Eller gerçek yaşımızı belli etmektedir.
Her şeyden önce bazı kişiler kendi bedenlerine iyi baksalar da ellerinin yaşlarını gizlemesini engelleyemezler.
Ancak Osmos prensibine göre daha sulu bir madde, daha yoğun katı bir maddenin içine girdiğinde su geçirmektedir.
Ama bunu elimizin su içerisine girmesi şeklinde uyarladığımızda olay daha net bir şekilde anlaşılmaktadır.
Derinin içine geçen su deriyi şişirmektedir.
Bu şişme olayı sonucunda deri büzülerek yüzeyini genişletmektedir.
Mesela suda uzun süre kaldığında parmakların buruşma nedeninin derinin süngerimsi özelliğinden değil,
ıslak nesneleri daha iyi kavrayabilmek için olduğu belirlendi.
İngiltere’deki Newcastle Üniversitesi’nden bilim adamlarının araştırması buruşmuş parmakların ıslak durumlarda daha iyi kavrama sağladığını göstermiştir.
Ayrıca ellerimiz bizim aynamızdır. Sağlıklı Bir Cilt İçin
Eller birçok şeyi anlatmaktadır.
Bundan yola çıkarak ressam Alberecht Dürer’in dua eden resminden size biraz bahsedeceğim.
Hikaye hakkında ayrıca https://en.wikipedia.org/ sayfasından okumanızı önerebilirim.
Eller ve Resmi
Her şeyden önce bu resmi çizen Albrecht Dürer isimli 1471- 1528 yılları arasında yaşamış bir ressamdır.
18 çocuklu bir ailenin resimle ilgilenen 2 erkek çocuğundan birsidir.
Ancak iki kardeşin de resme karşı olağanüstü bir ilgileri ve yetenekleri vardır.
Ama her ikisi de sanat okuluna gidip büyük bir ressam olma hayali kurmuşlardır.

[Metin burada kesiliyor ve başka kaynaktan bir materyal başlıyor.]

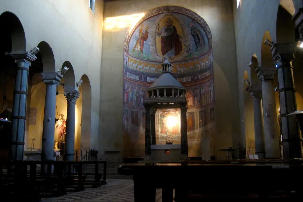 Il martedì della Settimana Santa si celebra la stazione quaresimale a Santa Prisca sull’Aventino, una chiesa paleocristiana che però vediamo oggi dopo un rifacimento barocco nel Seicento e un altro nell’Ottocento.
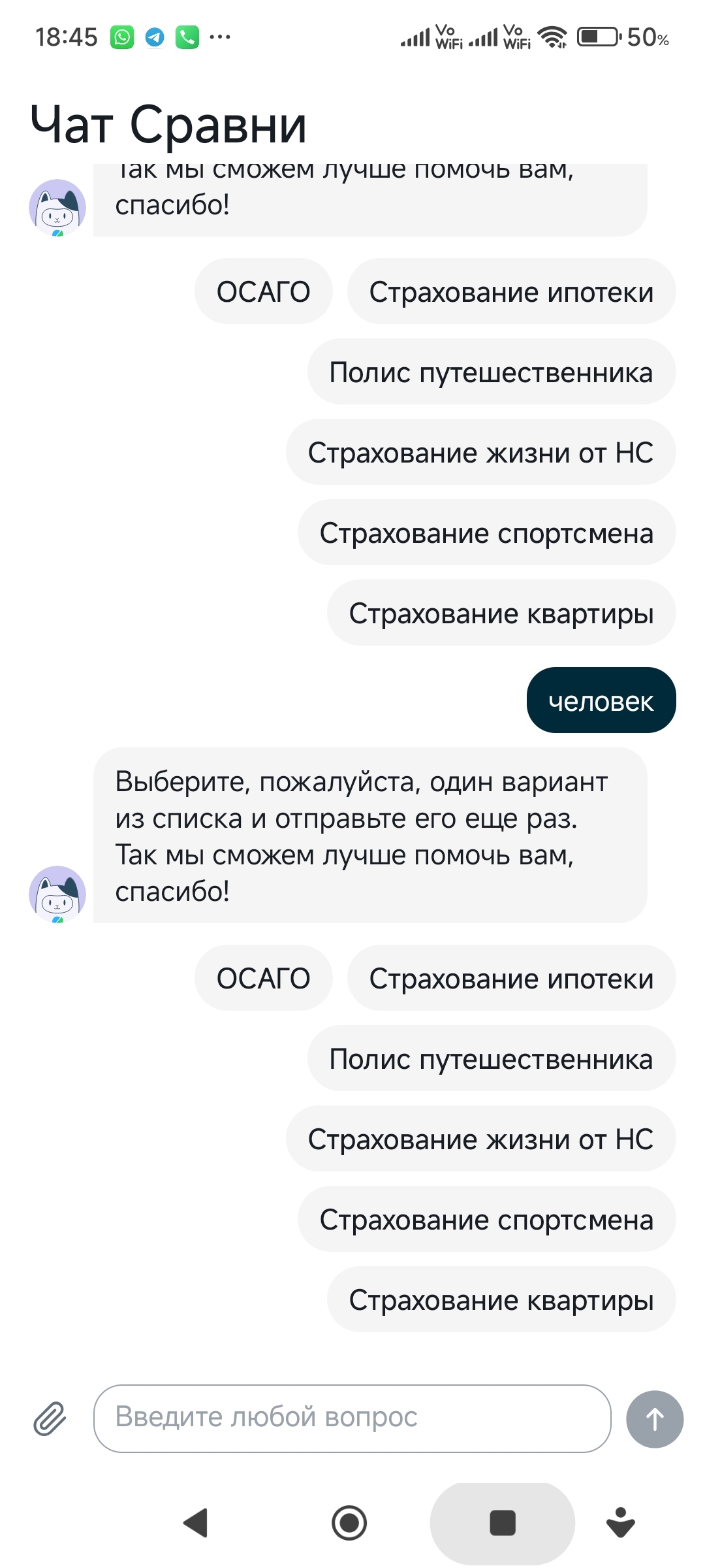 Пытаюсь обратиться в техподдержку с конкретным вопросом: "у меня два номера телефона и два аккаунта на "Сравни.ру". Один аккаунт верифицирован через Госуслуги, но пустой (так получилось), а второй аккаунт не подтверждённый, но на нём все полисы (и на мой авто, и на жену, и сына).

Sonuçta aile ise bu durum karşısında çaresizdir.
Madencilik yaparak geçinmeye çalışmaktadırlar ve karınlarını zor doyura bilmektelerdir.

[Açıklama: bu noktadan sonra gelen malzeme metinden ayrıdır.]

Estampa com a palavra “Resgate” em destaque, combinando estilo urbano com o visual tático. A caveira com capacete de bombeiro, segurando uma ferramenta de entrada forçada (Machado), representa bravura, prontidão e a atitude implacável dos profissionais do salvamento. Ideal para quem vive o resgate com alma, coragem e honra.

Ayrıca bu durum karşısında iki kardeş kendi aralarında kura çekmeye ve kazananın sanat okuluna gitmesi, geride
kalanın daha çok çalışıp diğer kardeşi okutması yönünde bir karar alırlar.

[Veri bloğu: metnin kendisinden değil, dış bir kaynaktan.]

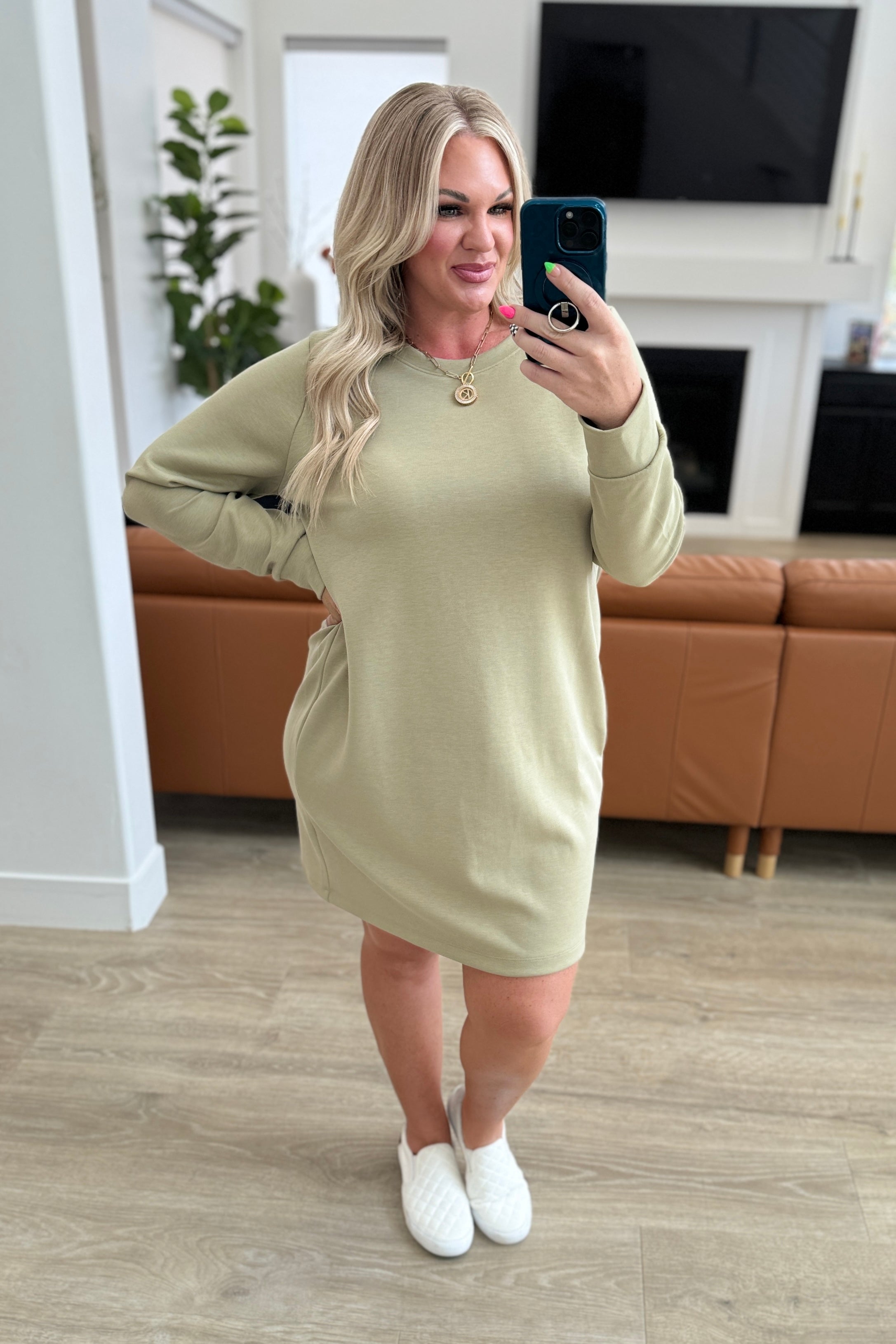 Made with scuba modal for ultimate comfort and style, it features a round neckline, long sleeves with a banded cuff, and a back pleat for a flattering fit. Pair with tights for a classy look or with leggings for a more casual look!

Ancak Albert ve Albrecht arasındaki bu kura da okula giden dönüşte diğer kardeşi okuması için okula
gönderecek ve kendisi de madende çalışacaktır.
Sonuçta kurayı kazanan Albrecht okula gider ve bütün öğretim görevlilerini kendine hayran bırakarak çok büyük
başarılar elde etmiştir.
Fakat okulu birincilikle bitirdiğinde yöredeki bütün okullarda ismi bilinmektedir.
Eve büyük bir gururla dönmüştür.
Ailesi Albrecht onuruna güzel bir yemek vermiştir.
Kendisini öven konuşmalardan sonra Albrecht söz alır ve kendisine bu başarıları yaşatan kardeşine teşekkür etmiştir.
Sonuçta şimdi sıranın kardeşinde olduğunu ve okumaya göndereceği kardeşi için madende çalışmaktan büyük
gurur duyacağını söylemiştir.
Ama kardeşinin yanıtı ise; “İmkansız sevgili kardeşim” şeklinde olmuştur.
Sonrasında ise ;”Seni okulda okutabilmek için çalıştığım senelerdebütün parmaklarım madende defalarca kırıldı ve değil kalem tutmak senin şerefine şu şarap kadehini bile zor tutuyorum” demiştir.
Sonuçta kardeşinin durumuna hakikaten üzülen Albrecht ise kendisini dünyanın en ünlü ressamları arasına sokan
o ellerin, kardeşinin ellerinin resmini çizmiştir.
Aşağıda gördüğünüz bütün dünyanın bildiği, ismi ‘Hands’ (Eller) olan resim
Albrecht Dürer’in kardeşinin elleridir.
Sonuçta eller her şeyi anlatmıyor mu?